Nach dem Check-in kümmert sich ein anderer Boy um Eriks Gepäck. Etwas verwundert ist Erik, weil der Koffer-Boy ihn zwar bis zu seinem Fahrstuhl begleitet, den Knopf drückt um den Fahrstuhl zu holen, dann sich aber abwendet, um, zusammen mit dem Gepäck, einen anderen Fahrstuhl auf der Rückseite zu benutzen. Dieser separate Fahrstuhl ist für die Angestellten und das Gepäck vorgesehen, so dass ein Fahrgast im Fahrstuhl nicht unnötig bedrängt wird und nicht gezwungen ist, mit einem niederen Wesen wie den Bediensteten den Fahrstuhlraum teilen zu müssen. Diese bevorzugte Behandlung hat Erik bisher noch nicht erlebt. Die Schikanen am Flughafen haben dazu geführt, dass Erik das Land eher skeptisch betrachtet und im Stillen auf die nächste bedrohliche Überraschung wartet. Langsam entspannt sich Erik und beginnt die Atmosphäre und den Service zu genießen. Er merkt, wie die Anspannung, die sich seit der Ankunft am Flughafen stetig aufgebaut hat, von ihm abfällt und er sich langsam wieder besser fühlt. Plötzlich werden die lästigen Arbeiten von anderen bereitwillig übernommen. Allerdings erkennt Erik im Hintergrund auch ein leicht beschämendes Gefühl, da diese Bediensteten im Grunde genommen wehrlose Sklaven sind. Man kann sich schnell daran gewöhnen und ist dann versucht, auf diese Bediensteten als Menschen zweiter Klasse herab zu sehen. Als Erik an seinem Zimmer ankommt, steht der Kofferboy bereits da und hat die Tür geöffnet. Der Fahrstuhl der Bediensteten scheint wohl schneller zu laufen. Nachdem er die Koffer auf die dafür vorgesehenen Ablagen abgestellt hat, gibt Erik auch ihm eine Dollarnote aus seinem bereits etwas geplünderten Budget. Kaum ist die Tür hinter dem Boy ins Schloss gefallen, lässt Erik sich auf das Bett fallen. Dieses Hotel ist mit einem extrem weichen Bett ausstaffiert. Er dreht sich auf den Rücken und versucht ohne aufzustehen seine Schuhe abzustreifen. Auch seine Befreiung von Hemd und Hose versucht er mit einem minimalen Energieaufwand zu bewältigen. Schon fast glücklich und zufrieden darüber, die erste Hürde der Anreise erfolgreich geschafft zu haben, greift er mit der rechten Hand in die Decke und rollt sich ein. Da er ja jetzt im Land ist, dürfte es von nun an problemlos weitergehen. Erik empfindet es als kleinen Erfolg, dass er es bis hierher geschafft hat. Er entspannt sich immer mehr und es dauert nur wenige Sekunden, bis er in einen traumlosen Schlaf fällt.

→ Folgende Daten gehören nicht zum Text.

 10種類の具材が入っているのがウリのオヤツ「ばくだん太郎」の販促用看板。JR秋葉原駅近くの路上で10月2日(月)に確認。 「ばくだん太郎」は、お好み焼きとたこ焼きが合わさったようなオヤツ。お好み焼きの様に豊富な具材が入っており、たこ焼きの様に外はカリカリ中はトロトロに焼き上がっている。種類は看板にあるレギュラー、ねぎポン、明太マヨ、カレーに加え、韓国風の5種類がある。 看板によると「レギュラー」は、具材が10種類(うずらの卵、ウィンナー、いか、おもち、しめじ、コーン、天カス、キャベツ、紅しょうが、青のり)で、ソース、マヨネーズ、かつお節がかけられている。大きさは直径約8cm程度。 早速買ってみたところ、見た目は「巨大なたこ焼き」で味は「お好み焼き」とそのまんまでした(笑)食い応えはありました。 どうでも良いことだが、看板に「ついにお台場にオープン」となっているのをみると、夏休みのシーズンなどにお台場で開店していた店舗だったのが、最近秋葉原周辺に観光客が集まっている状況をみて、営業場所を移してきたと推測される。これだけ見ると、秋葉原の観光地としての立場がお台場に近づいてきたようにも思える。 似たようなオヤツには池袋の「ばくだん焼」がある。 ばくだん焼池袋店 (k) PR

Plötzlich wird er durch ein lautes Pochen an der Tür aufgeschreckt. Erik versucht sich aufzusetzen, wobei er sich in der zusammengerollten Decke verheddert und eine Weile benötigt, bis er realisiert, wo er sich befindet.
»Was war das, warum bin ich so aufgeschreckt?«, geht es durch seinen Kopf. Da hört er es wieder klopfen.

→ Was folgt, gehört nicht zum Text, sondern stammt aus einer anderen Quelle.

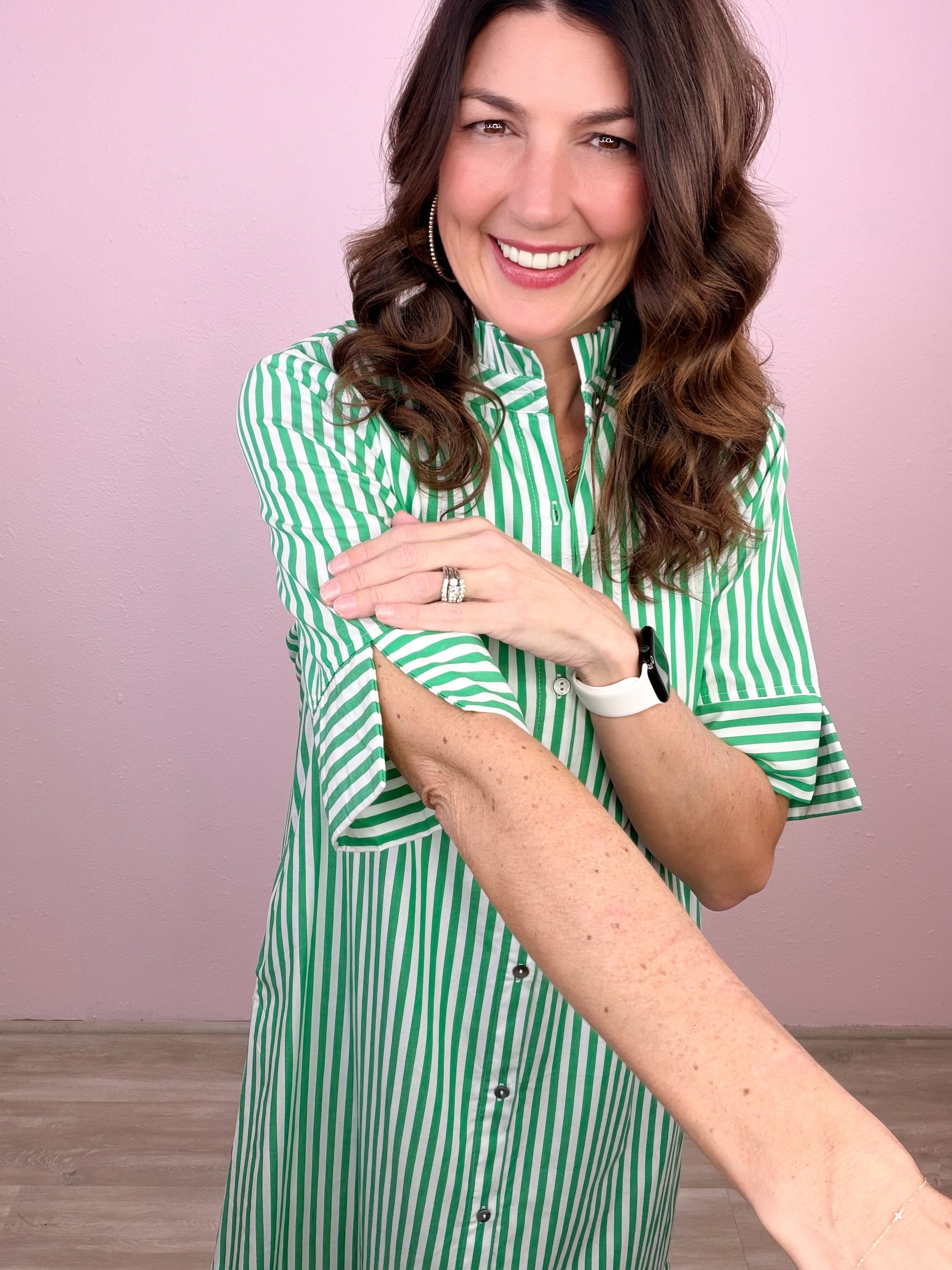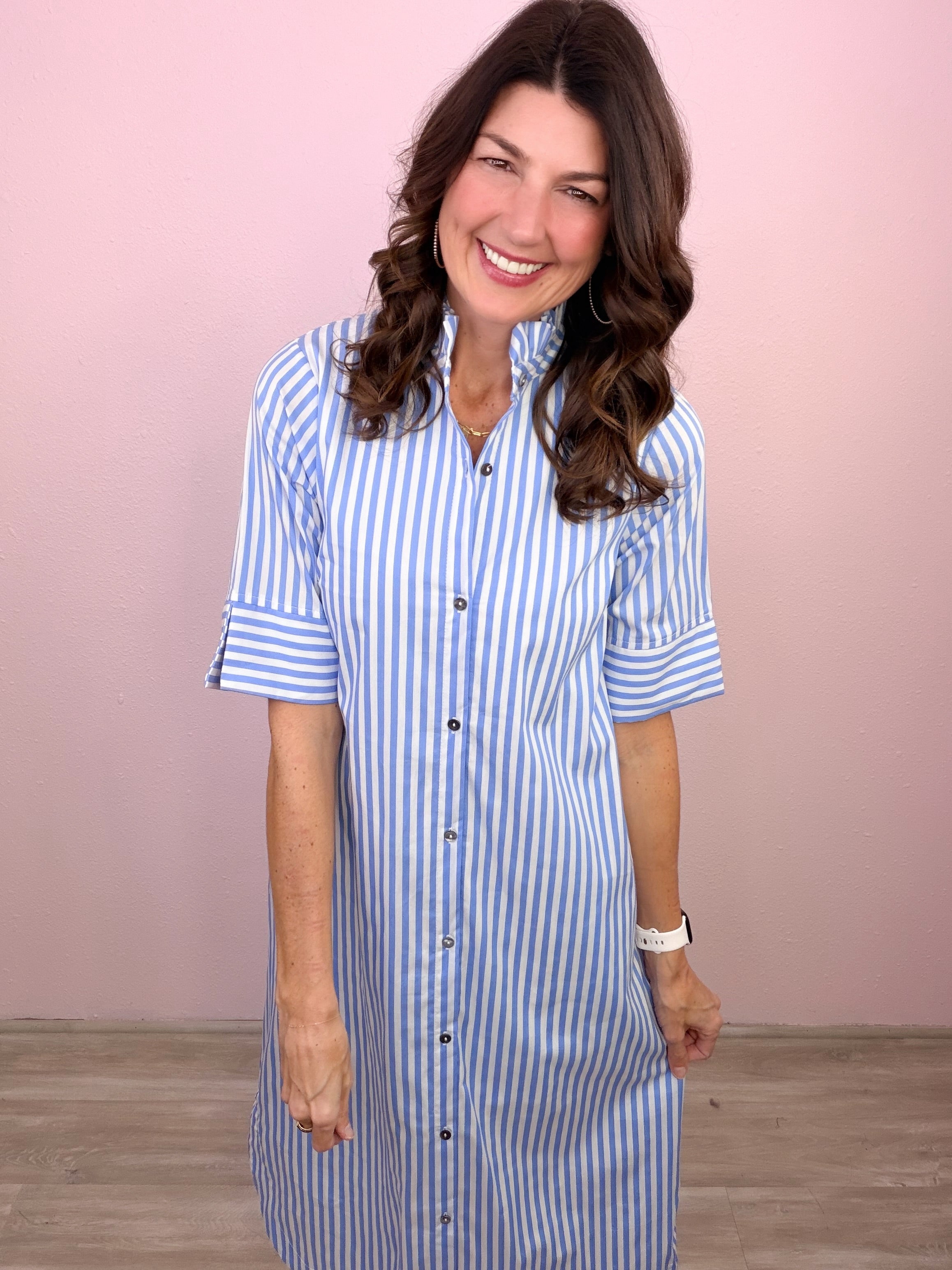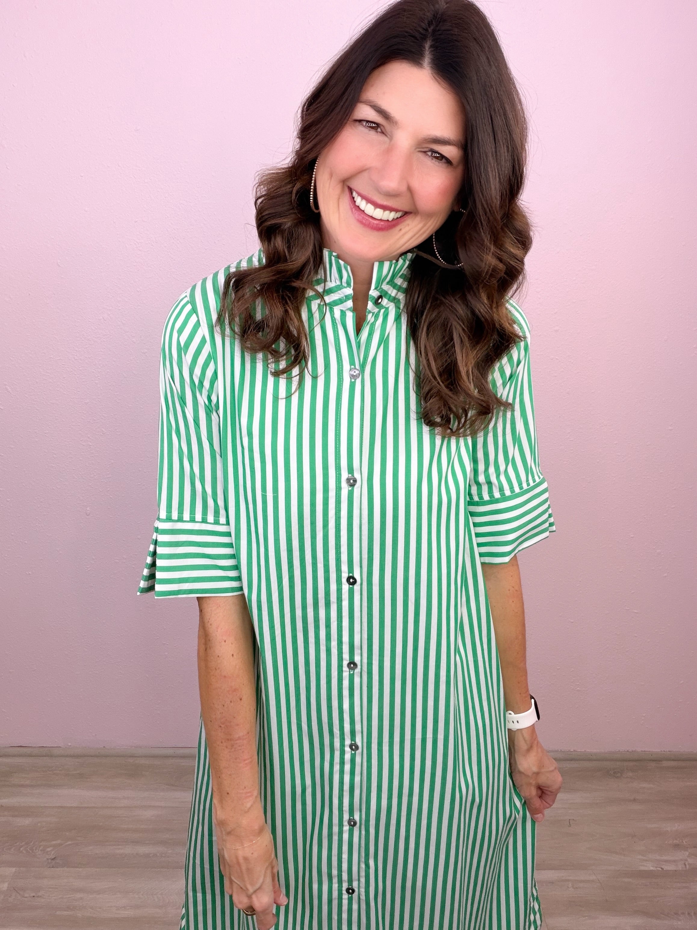 Classic stripes meet an effortless button-down design for a midi dress you’ll reach for again and again!

»Room Service, Sir«, klingt eine gedämpfte Stimme durch die Tür.
»Oh, Shit, ich habe vergessen, dieses »Bitte nicht stören Schild« nach draußen zu hängen.«, stöhnt Erik vor sich hin. »Ohne dieses Schild kommt sicher ständig ein Bediensteter und will irgendetwas im Zimmer richten.«, murmelt Erik mürrisch vor sich hin und steigt aus dem warmen Lager. Mit dem »Bitte nicht stören Schild« in der Hand öffnet er die Tür und hängt das Schild über den Türknopf. Der Hausdiener schaut ihn erschreckt an, als Erik nur in Unterhose vor ihm steht.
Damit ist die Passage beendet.